The Diffie-Hellman algorithm allows Alice and Bob to
(a) Compute a value that can be used as a key for symmetric cryptography.
(b) Share a session key using public key cryptography.
(c) Compute a value that can be used as a key for public key cryptography.
(d) Validate each other’s identity but not communicate securely.
Kerberos avoids key explosion by
(a) Using a trusted third party.
(b) Using the Diffie-Hellman algorithm.
(c) Using common keys.
(d) Using public key cryptography.
For Alice to send a signature of a message to Bob, she hashes the message and encrypts it with:
(a) Alice’s private key.
(b) Alice’s public key.
(c) Bob’s private key.
(d) Bob’s public key.
A hybrid cryptosystem uses
(a) Public key cryptography for key exchange and symmetric cryptography for communication.
(b) Two layers of encryption for added security: symmetric cryptography and public key cryptography.
(c) A different cryptosystem for each direction of communication.
(d) Symmetric cryptography for key exchange and public key cryptography for communication.
The Challenge Handshake Authentication Protocol relies on
(a) Hash functions.
(b) Public key cryptography.
(c) Symmetric cryptography.
(d) A combination of all of the above.
OpenID and OAuth both
(a) Use HTTP redirection.
(b) Allow a user to maintain a single ID across multiple services.
(c) Allow the user to authorize limited functionality for a service.
(d) Use a third-party to manage user IDs.
Compared with a regular packet filter, a packet filter with deep packet inspection capabilities (DPI) will enable you to
(a) Block specific URLs targeted for your web server on TCP port 80.
(b) Drop all IP packets originating from 128.6.*.*.
(c) Accept all packets going to your mail server on TCP port 25 except those from 128.6.4.2.
(d) Block external packets that are masquerading as internal packets (i.e., their source address is that of your internal network)
A DMZ contains machines that
(a) Offer services to the external network.
(b) Are potentially not secured and hence vulnerable.
(c) Do not require connectivity to either the external or internal networks
(d) Host services that are accessed only from the internal network.
Tunneling in a VPN (Virtual Private Network) refers to
(a) A way of detecting malicious packets being injected into the network.
(b) A way of securing communication between two network endpoints.
(c) The encapsulation of full IP packets within other packets.
(d) The compression of packets that increases network performance between two routers.
Packets on a VPN (Virtual Private Network) are generally secured and made tamper-proof via
(a) Encryption.
(b) Digital signatures.
(c) A combination of encryption and digital signatures.
(d) Tunneling.
A stuck bit in memory location is an example of a
(a) Fail-silent fault.
(b) Byzantine fault.
(c) Intermittent fault.
(d) Transient fault.
802.11n (Wi-Fi) uses Low-density parity-check (LDPC) to improve reliability over noisy networks. This is an example of
(a) Physical redundancy.
(b) Information redundancy.
(c) Time redundancy.
(d) Reliable multicast.
A necessary component in a cluster file system is a
(a) Distributed lock manager (DLM).
(b) Heartbeat network.
(c) Storage area network (SAN).
(d) System area network (SAN).
An application monitoring process detects a failed web server and starts a web server on backup machine. This is called
(a) Cold failover
(b) Warm failover
(c) Hot failover
(d) Cascading failover.
Which cluster is most likely to use MPI (message passing interface)?

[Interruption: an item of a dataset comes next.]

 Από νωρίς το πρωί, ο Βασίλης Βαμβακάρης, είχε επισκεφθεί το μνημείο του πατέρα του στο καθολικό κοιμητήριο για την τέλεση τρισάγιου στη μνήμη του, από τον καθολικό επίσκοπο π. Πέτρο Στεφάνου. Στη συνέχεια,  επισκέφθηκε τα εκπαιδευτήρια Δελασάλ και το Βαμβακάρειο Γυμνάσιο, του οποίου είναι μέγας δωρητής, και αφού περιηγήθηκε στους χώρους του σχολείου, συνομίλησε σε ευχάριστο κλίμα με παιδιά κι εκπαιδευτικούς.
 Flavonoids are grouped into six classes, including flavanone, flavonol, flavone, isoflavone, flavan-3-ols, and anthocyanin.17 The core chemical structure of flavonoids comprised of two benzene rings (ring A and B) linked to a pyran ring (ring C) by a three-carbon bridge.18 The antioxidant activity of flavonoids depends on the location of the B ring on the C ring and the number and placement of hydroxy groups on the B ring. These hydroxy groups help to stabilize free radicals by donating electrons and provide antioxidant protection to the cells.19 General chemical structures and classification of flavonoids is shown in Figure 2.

(a) High performance computing (HPC).
(b) Batch processing in a computer graphics render farm.
(c) Load-balanced web servers.
(d) High availability cluster.
A key design principle of the Google cluster architecture is
(a) Merging is fast; break up databases into lots of pieces and use lots of processes, each working on a piece of the data.

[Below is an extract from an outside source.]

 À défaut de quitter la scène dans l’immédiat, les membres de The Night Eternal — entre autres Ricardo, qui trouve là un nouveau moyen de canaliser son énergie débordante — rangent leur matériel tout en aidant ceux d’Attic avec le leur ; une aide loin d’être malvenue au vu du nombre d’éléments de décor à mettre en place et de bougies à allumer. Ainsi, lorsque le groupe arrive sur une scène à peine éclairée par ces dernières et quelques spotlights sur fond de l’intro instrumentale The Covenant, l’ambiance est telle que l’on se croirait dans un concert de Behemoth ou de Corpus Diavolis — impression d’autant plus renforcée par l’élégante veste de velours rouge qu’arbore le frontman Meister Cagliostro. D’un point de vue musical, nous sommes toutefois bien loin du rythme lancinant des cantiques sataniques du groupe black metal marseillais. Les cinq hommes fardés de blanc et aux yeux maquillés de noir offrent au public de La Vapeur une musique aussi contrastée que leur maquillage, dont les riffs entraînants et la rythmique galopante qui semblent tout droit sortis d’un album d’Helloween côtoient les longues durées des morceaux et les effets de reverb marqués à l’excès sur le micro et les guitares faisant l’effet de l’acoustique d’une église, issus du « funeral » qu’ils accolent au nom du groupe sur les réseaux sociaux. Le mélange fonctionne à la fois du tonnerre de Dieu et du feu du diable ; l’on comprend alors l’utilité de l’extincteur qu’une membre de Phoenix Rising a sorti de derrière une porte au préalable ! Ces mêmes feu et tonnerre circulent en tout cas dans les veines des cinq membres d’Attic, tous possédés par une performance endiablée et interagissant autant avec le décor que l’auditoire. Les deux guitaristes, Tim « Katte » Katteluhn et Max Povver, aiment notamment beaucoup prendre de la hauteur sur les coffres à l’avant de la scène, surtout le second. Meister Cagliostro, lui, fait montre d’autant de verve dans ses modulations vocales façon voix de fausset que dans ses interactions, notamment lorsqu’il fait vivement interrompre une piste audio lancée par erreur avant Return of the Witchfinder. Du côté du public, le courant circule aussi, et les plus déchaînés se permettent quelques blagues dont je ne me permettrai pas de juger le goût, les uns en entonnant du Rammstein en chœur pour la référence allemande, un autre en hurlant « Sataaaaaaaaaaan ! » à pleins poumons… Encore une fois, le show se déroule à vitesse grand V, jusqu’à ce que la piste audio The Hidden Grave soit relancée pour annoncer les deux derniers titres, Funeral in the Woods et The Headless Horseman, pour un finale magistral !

(b) Minimize the number of phases in a task; create many replicas of a database and allow each system full access to it without the need for sharing or locking.
(c) Minimize context switch overhead; machines are cheap and it's more efficient to devote a node to one task exclusively.
(d) Machines and software fail; run the same task redundantly in parallel to ensure successful execution.